__Work required__: What number of lines in the records below hold the word "have"? Give that number alone.

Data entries
=-=-=

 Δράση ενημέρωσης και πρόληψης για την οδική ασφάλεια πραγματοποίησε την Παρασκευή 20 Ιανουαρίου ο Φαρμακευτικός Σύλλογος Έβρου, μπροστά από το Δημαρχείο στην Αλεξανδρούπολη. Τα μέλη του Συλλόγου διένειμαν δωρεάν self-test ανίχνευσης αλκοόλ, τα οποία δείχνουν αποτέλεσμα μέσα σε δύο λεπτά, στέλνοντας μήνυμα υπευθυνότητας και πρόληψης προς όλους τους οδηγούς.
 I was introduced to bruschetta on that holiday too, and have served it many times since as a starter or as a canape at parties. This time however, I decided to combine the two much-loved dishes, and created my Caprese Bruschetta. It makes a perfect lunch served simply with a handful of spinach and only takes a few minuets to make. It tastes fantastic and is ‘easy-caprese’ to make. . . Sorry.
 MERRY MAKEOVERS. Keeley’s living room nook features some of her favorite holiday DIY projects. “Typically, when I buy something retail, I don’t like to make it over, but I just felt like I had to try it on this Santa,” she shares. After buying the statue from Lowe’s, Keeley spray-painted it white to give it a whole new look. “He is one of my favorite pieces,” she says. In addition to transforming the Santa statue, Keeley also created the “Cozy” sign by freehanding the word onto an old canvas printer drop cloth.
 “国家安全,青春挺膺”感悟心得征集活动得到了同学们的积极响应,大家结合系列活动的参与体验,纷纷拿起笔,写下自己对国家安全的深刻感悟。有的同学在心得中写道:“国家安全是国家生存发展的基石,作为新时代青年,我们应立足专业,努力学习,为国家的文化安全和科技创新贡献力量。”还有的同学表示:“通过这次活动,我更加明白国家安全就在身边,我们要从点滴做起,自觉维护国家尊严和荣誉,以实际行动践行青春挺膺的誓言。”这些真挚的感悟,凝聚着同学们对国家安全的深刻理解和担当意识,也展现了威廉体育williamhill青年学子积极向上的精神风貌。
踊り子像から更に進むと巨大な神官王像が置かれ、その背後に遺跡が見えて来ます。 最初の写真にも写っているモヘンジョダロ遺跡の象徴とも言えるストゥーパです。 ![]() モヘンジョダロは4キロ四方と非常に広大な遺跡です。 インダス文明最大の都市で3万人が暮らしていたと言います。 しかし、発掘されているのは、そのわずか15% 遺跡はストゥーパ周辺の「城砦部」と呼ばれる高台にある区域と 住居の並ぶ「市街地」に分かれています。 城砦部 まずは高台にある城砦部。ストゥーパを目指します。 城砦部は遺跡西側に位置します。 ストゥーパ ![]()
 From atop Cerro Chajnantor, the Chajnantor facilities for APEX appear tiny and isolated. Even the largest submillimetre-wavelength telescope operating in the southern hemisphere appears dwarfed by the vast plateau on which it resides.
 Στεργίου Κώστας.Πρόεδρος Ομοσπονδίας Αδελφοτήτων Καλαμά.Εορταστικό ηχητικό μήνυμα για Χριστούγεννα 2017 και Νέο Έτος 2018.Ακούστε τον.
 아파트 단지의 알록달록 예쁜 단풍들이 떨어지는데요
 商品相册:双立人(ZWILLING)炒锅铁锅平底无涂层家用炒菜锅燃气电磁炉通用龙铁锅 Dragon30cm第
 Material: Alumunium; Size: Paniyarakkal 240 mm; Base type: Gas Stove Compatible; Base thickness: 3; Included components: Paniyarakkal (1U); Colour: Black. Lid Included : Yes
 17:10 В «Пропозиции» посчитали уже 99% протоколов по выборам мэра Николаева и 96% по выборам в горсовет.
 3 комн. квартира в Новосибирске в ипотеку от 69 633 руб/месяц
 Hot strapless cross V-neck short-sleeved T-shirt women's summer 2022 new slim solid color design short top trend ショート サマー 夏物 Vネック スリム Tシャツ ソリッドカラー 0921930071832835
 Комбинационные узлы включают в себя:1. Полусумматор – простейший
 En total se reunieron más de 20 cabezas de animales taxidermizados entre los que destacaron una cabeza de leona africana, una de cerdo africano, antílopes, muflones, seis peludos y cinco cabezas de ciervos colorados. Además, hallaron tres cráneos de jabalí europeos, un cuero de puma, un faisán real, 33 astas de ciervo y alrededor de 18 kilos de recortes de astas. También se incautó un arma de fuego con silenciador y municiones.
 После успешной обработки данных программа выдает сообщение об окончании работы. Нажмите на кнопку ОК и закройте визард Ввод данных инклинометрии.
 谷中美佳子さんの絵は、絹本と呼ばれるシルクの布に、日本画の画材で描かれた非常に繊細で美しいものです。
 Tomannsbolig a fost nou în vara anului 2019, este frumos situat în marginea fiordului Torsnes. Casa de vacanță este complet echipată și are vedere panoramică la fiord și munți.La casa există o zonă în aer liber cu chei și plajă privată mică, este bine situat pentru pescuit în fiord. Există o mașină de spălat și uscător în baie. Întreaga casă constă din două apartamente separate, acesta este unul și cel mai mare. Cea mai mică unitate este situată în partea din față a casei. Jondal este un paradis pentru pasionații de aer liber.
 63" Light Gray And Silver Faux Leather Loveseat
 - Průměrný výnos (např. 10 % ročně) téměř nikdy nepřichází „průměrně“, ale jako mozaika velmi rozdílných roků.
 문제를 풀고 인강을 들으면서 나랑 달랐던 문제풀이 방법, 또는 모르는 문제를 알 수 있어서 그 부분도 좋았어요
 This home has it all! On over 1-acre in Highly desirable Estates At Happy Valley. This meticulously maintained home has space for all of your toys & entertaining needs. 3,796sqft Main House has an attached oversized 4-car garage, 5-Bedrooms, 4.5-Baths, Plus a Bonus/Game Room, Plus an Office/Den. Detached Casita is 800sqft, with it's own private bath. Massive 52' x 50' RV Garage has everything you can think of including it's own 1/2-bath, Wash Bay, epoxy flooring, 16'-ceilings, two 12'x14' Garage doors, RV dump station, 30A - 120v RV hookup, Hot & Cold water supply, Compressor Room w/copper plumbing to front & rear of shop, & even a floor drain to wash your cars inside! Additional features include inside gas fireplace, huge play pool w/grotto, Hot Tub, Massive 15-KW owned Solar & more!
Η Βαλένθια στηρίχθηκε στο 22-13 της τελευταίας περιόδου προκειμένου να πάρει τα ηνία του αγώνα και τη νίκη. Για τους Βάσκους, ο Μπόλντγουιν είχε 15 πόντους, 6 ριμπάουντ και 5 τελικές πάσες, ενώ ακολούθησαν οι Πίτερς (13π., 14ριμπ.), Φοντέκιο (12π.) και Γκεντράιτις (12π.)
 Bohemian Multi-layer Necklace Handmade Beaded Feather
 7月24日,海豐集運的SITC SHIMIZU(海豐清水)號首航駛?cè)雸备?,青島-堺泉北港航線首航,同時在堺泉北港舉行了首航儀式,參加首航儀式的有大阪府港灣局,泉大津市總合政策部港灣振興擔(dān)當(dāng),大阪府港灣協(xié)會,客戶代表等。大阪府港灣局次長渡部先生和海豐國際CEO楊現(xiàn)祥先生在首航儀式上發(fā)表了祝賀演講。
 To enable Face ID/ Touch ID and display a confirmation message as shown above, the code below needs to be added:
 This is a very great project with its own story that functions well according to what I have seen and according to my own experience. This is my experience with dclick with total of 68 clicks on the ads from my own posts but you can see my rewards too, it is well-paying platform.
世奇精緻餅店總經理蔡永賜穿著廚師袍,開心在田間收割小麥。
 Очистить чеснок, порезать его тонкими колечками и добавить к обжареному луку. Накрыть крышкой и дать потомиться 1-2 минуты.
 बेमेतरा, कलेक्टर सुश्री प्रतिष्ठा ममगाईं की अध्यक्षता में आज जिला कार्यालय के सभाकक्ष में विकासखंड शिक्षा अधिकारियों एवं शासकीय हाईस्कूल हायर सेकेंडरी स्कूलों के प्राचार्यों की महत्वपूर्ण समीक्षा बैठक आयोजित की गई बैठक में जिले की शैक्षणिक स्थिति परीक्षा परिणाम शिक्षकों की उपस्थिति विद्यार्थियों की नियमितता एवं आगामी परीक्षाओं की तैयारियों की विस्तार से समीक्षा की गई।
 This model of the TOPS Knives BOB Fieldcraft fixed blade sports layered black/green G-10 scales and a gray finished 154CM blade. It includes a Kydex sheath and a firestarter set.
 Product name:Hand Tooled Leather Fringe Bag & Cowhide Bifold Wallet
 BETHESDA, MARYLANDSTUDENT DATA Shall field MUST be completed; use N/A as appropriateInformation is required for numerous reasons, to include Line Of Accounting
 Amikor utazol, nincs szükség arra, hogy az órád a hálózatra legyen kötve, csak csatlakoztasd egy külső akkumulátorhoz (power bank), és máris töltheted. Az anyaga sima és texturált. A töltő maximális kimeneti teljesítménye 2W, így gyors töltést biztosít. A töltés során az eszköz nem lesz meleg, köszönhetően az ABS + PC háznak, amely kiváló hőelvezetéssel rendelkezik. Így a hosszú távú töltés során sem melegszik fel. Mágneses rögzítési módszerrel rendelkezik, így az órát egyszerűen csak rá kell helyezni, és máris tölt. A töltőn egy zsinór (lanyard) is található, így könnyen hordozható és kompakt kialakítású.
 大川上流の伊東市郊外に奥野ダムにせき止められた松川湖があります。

=-=-=

__Result__: 2